Under the NSS academic structure, pupils are required to study four compulsory "Core Subjects" (Chinese Language, English Language, Mathematics, and Liberal Studies) and one to four "Elective Subjects" (the majority with two to three subjects) among the twenty available. On the 31 March 2021, it was announced that Liberal Studies would be renamed Citizenship and Social Development and have its curriculum revamped starting from the 2024 HKDSEE.

==Background and administration==
Under the NSS, a number of subjects in the HKCEE and the HKALE have been combined to suit the varying interests and talents of students. School pupils study both core (compulsory) subjects and elective subjects. Most candidates in the HKDSEE sit all four core subjects plus two or three electives to satisfy local university admission requirements.

In some HKDSE subjects, each student studies the Compulsory Part along with an Extended Module of that subject of the student's choice, or in other cases, an Elective Part, which concentrates on a specific topic or skill. While in certain subjects such as Mathematics, students are only required to study the Compulsory Part, the Elective Modules are voluntary. As such, an Elective Part forms a part of the subject curriculum, whereas an Extended module is designed for students with specific aims or those who have higher abilities who may want additional knowledge and skills. The selection of offerings for both varies from school to school. For example, some schools offer both Extended Modules 1 and 2 for Mathematics, while others may offer only the Compulsory Part.
- Elective Part Example: English. The Elective Part of the English Language curriculum takes up 25% of total lesson time. The selection of Elective Parts is divided into two areas: "Language Arts" and "Non-Language Arts", each of which teaches English as used in different contexts and through various mediums.
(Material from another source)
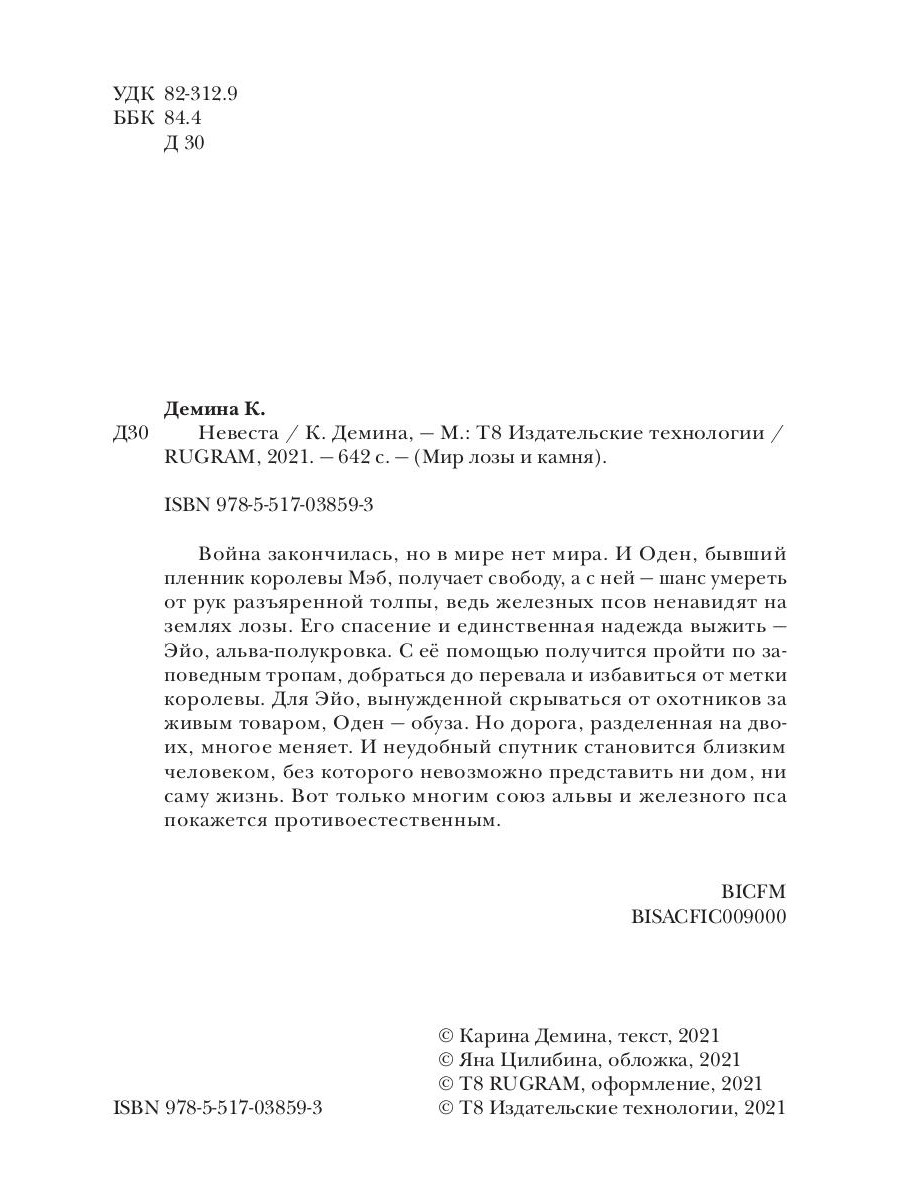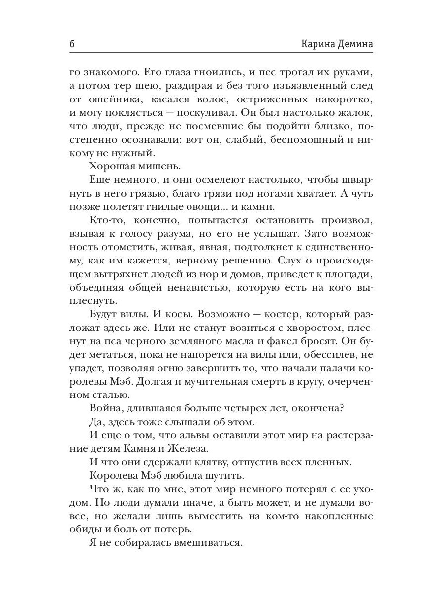 Война закончилась, но в мире нет мира. И Оден, бывший пленник королевы Мэб, получает свободу, а с ней - шанс умереть от рук разъяренной толпы, ведь железных псов ненавидят на землях лозы. Его спасение и единственная надежда выжить - Эйо, альва-полукровка. С ее помощью получится пройти по заповедным тропам, добраться до перевала и избавиться от метки королевы. Для Эйо, вынужденной скрываться от охотников за живым товаром, Оден - обуза. Но дорога, разделенная на двоих, многое меняет. И неудобный спутник становится близким человеком, без которого невозможно представить ни дом, ни саму жизнь. Вот только многим союз альвы и железного пса покажется противоестественным.| Издательство | Т8 RUGRAM |

During HKDSEE, candidates also have the choice to write either the more difficult level (B2) or the standard level (B1) part of the paper, in addition to the mandatory Part A. Writing B1 allows the candidate to attain as high as level 4 in that paper, while writing B2 allows a 5**(five-double-star), the highest level obtainable.
- Extended Module Example: Mathematics. Students who wish to study Mathematics to a higher level have the flexibility to choose one of the two Extended Modules: "M1" Calculus and Statistics or "M2" Algebra and Calculus. However, the Extended Modules are considered only half a subject by the HKEAA, despite having syllabi amounting to full elective subjects. As a result, they became not as attractive to students, and there has been a decline in number of pupils studying them.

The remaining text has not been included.